RECORDS FOR THIS TASK
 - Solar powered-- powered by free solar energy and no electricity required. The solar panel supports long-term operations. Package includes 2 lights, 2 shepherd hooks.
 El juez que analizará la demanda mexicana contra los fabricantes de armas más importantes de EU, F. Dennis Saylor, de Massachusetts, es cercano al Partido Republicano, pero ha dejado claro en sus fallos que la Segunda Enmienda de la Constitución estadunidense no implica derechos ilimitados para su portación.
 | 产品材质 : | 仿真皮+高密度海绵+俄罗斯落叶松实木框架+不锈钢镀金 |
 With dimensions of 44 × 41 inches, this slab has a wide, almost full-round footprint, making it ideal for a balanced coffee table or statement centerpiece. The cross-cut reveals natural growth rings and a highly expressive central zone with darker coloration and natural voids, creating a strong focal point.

...

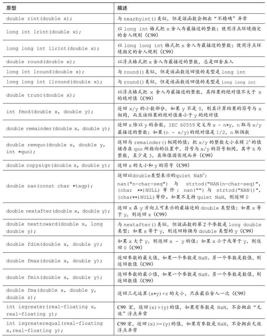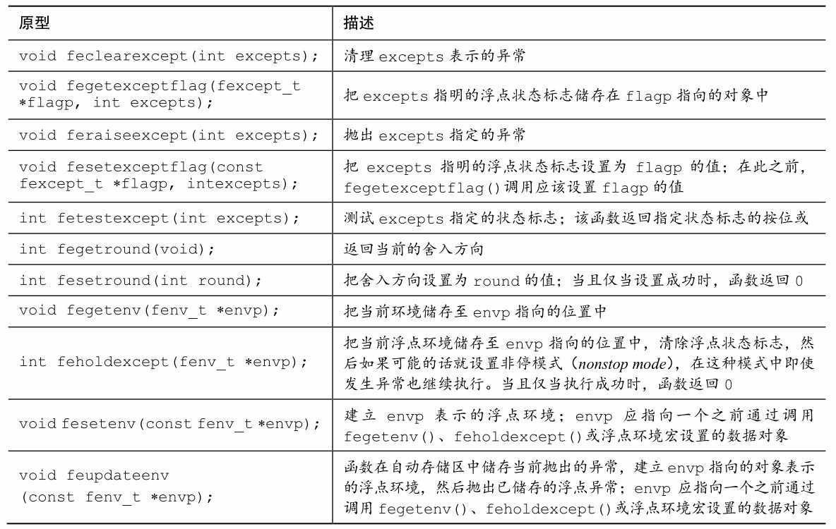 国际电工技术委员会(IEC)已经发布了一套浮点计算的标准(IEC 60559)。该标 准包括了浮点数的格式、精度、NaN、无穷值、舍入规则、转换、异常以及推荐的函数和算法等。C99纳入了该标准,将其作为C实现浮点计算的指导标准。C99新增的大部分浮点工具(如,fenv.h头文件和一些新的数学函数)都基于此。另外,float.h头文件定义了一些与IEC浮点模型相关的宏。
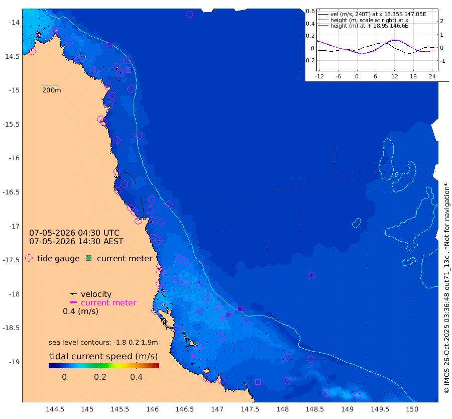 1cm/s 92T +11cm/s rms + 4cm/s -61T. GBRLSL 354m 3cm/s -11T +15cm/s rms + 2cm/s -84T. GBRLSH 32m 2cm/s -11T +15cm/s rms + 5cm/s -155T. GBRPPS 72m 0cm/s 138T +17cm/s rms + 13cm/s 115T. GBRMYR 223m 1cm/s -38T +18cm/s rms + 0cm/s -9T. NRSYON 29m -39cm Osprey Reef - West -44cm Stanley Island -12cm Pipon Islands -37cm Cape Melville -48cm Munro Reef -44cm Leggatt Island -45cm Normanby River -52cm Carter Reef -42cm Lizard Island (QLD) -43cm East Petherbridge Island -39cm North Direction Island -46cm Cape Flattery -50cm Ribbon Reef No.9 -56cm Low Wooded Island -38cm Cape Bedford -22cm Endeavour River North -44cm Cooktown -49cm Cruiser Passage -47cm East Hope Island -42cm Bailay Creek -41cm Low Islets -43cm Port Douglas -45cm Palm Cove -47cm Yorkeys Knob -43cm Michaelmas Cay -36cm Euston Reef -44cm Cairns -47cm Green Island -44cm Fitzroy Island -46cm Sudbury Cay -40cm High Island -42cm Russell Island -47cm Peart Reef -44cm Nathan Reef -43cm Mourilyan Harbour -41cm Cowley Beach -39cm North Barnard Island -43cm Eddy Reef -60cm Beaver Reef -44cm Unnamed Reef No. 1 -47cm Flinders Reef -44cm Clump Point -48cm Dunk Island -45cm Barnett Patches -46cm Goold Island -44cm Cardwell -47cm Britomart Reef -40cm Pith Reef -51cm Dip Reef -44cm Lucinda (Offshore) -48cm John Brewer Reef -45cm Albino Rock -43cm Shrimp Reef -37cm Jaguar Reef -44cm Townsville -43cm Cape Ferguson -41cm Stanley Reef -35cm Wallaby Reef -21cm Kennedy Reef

* * *

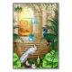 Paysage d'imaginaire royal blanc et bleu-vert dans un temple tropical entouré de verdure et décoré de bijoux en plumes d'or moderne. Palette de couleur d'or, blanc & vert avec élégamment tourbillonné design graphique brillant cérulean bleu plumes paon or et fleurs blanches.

EXERCISE OBJECTIVE
Using the entries above, repeat only the lines from the one containing "- Solar powered-- powered" through the one containing "With dimensions of", end lines included.

COMPLETED EXERCISE
 - Solar powered-- powered by free solar energy and no electricity required. The solar panel supports long-term operations. Package includes 2 lights, 2 shepherd hooks.
 El juez que analizará la demanda mexicana contra los fabricantes de armas más importantes de EU, F. Dennis Saylor, de Massachusetts, es cercano al Partido Republicano, pero ha dejado claro en sus fallos que la Segunda Enmienda de la Constitución estadunidense no implica derechos ilimitados para su portación.
 | 产品材质 : | 仿真皮+高密度海绵+俄罗斯落叶松实木框架+不锈钢镀金 |
 With dimensions of 44 × 41 inches, this slab has a wide, almost full-round footprint, making it ideal for a balanced coffee table or statement centerpiece. The cross-cut reveals natural growth rings and a highly expressive central zone with darker coloration and natural voids, creating a strong focal point.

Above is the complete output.